So let me be clear about what follows: this is our current plan, based on what we know today, funded by revenue from 60,000+ developers, shaped by the feature requests and pain points we hear every day. It will change. Some things will ship earlier. Some will take longer. Some will be replaced by better ideas we haven't had yet.
But the direction — the philosophy — won't change. That's what this post is really about.
Build infrastructure, not demos. Every feature we ship must work in production at scale. It must handle errors, edge cases, and the messy reality of real-world automation. If a feature only works in a carefully controlled demo environment, it doesn't ship.
Open protocols over walled gardens. The AI industry is fragmenting into competing ecosystems.
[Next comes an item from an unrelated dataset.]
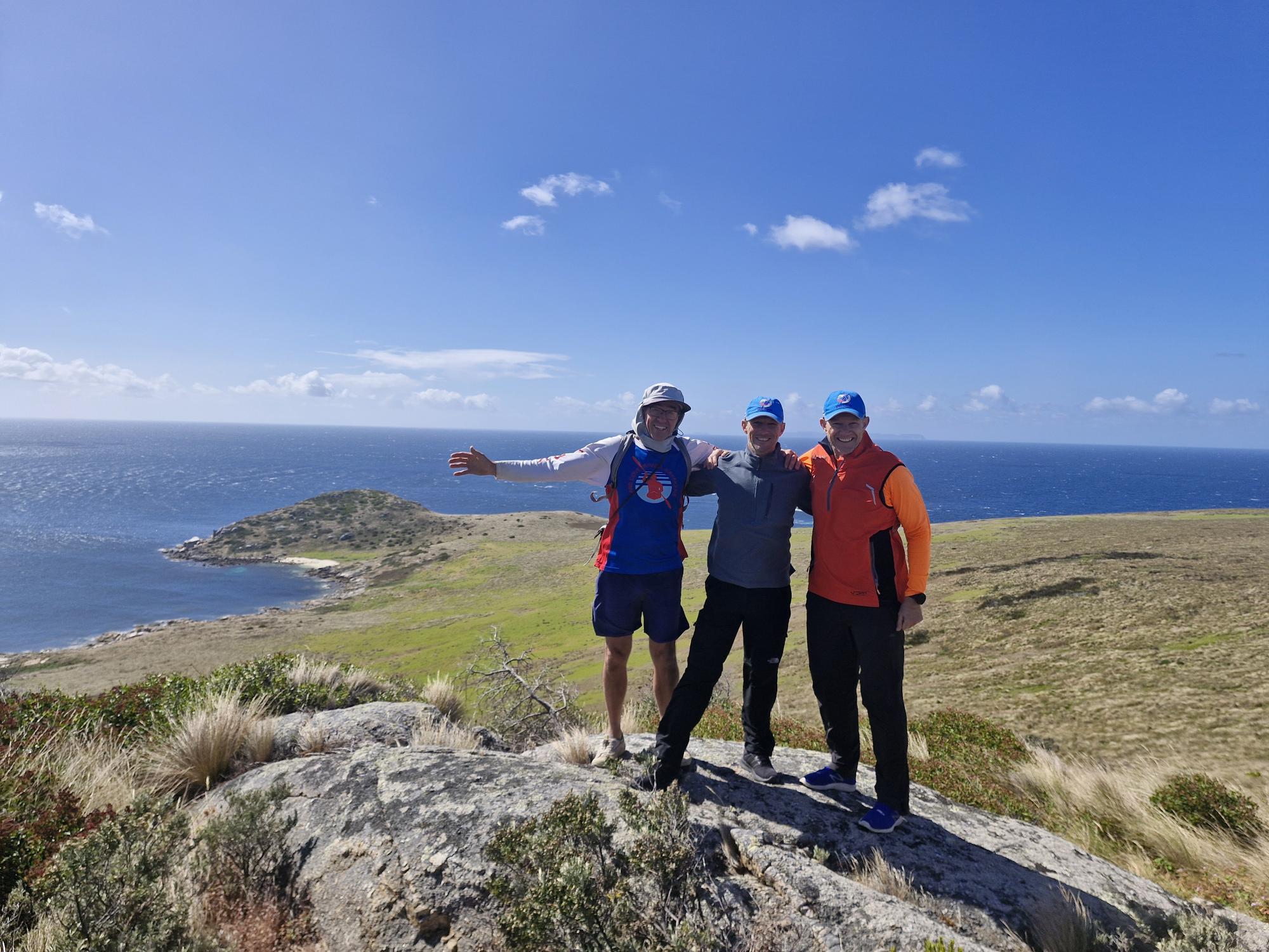 Above: Richard, Mark and Muzza scale Hogan Island peak

OpenAI has its agent SDK. Anthropic has its MCP. Google has its Vertex AI Agent Builder. Each wants you to build exclusively on their platform.
We believe the opposite: agents should be portable. They should work across models, across providers, across deployment environments. That's why we invest in open protocols — A2A (Agent-to-Agent) for inter-agent communication, MCP (Model Context Protocol) for tool integration. These aren't AACFlow proprietary standards. They're open specifications that any platform can implement.
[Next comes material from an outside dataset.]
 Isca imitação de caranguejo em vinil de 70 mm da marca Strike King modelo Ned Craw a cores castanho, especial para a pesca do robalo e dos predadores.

Reliability over hype. It's tempting to ship flashy features that generate Twitter buzz. AI-generated workflow suggestions! Autonomous agent swarms! But buzz doesn't help when a workflow fails silently in production at 3 AM. Reliability does. We prioritize features that make agents more dependable — observability, error recovery, state management — over features that make demos more impressive.
Practical examples over abstract capabilities. A feature isn't done when the code works. It's done when we can show a real business using it to solve a real problem. Every roadmap item below is paired with the concrete use case it enables.
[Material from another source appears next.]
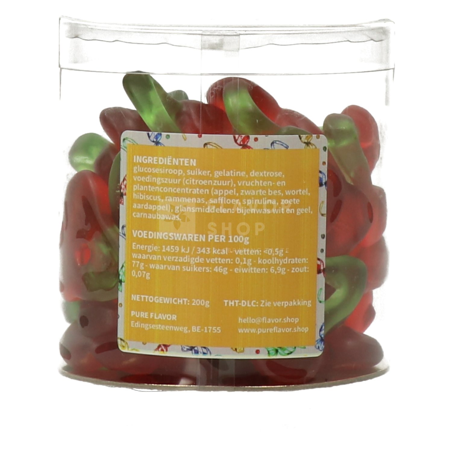 Pure Flavor Cherries are soft, chewy candies with a rich cherry flavor and a playful appearance. The combination of deep red and green hues, inspired by real cherries, makes these candies not only delicious but also visually appealing. Who didn't hang these behind their ears during their childhood? ;)

Today, AACFlow's 213 blocks are built by our team. That's a bottleneck — we can't build every block every user needs. The Block SDK changes that.
The SDK will let any developer build and publish a custom block. A block is a self-contained module with:
Configuration schema — what parameters does the block accept? What's their types, defaults, and validation rules?
Input/output schema — what data does the block consume and produce? Type-safe, Zod-validated schemas.
Execution logic — the actual code that runs when the block executes. Can call external APIs, transform data, interact with databases.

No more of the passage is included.